Row over CIL fuel supply to power sector may end

Submitted by Gagandeep Singh... on Wed, 04/03/2009 - 6:19pm

Row over CIL fuel supply to power sector may end

BL quoted Mr PS Bhattacharya chairman of coal India Limited as saying that the row over the proposed fuel supply agreement between Coal India Ltd and the power sector of the country led by NTPC may finally be resolved.

Mr Bhattacharya said that in a recent meeting with Coal India, Mr Jairam Ramesh the Union Power Minister had agreed to set actual supply quantity by CIL to existing power plants as the benchmark for the fuel signing agreement.

According to Mr Bhattacharya, the Power Minister agreed to CIL’s proposal to set the trigger or the minimum guaranteed supply or off-take quantities at 90% of the actual supplies made in 2007-08. Violation of the minimum guaranteed supply or off-take level will attract penalties on either the producer or the consumer.

The Power Ministry said that the tenure of the agreement may be reduced from the originally proposed 20 years to a 5 year period.

Mr Bhattacharya said that in a recent communication, the Union Power Ministry added that the State power utilities, including NTPC, enter into the FSA with CIL on the following lines, adding that the coal major has approached NTPC with a draft agreement incorporating the changes as suggested by Mr Ramesh.

However, NTPC has approximately 24,000 MW thermal power capacity and procures over 100 million tonne of raw and beneficiated coal from CIL. Overall the company contributes approximately 37% of CIL’s total sales of thermal coal to power utilities.
According to the New Coal Distribution Policy, CIL was supposed to replace the linkages by firm supply agreements with all buyers by June 30th 2008. It initially proposed to set the trigger for the existing power plants at 60% of the targeted supplies as set out in the Annual Action Plan for the respective year.

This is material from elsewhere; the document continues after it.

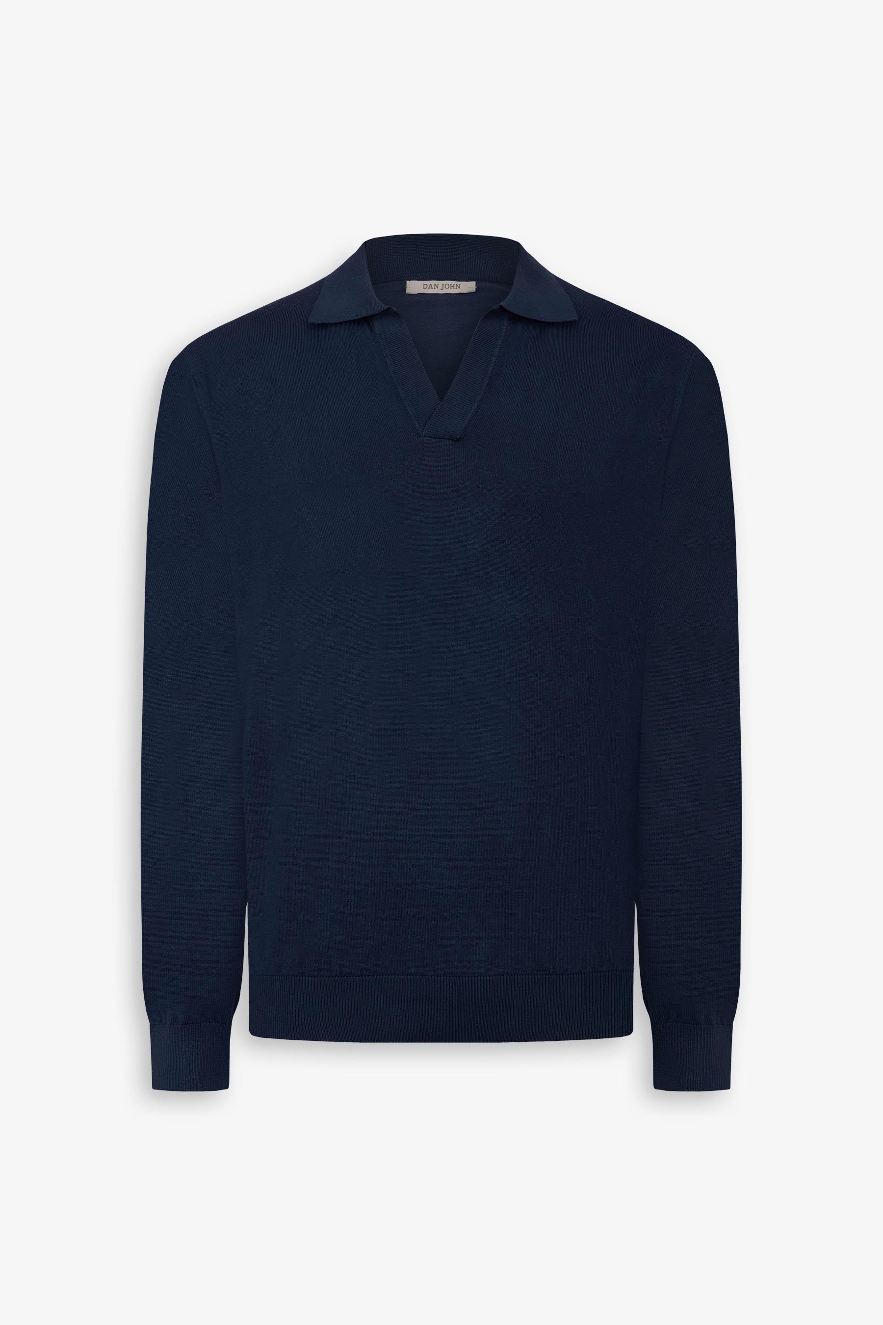Solid color knitted polo shirt in viscose. Open collar and long sleeves.

However, the proposal was opposed by power utilities. NTPC, being the single largest consumer had asked CIL to set the trigger at 90 per cent level for existing power plants. The coal major, however, contested the power sector’s demand.

The row has forced CIL to extend the deadline repeatedly and till date the company could enter into only 5 such agreements with State utilities of Karnataka, Gujarat and Andhra Pradesh.

Mr Bhattacharya said that “If the power sector now agrees to the Power Ministry’s formula to set the benchmark quantity at the 2007-08 level, we can comfortably set the trigger at 90%.”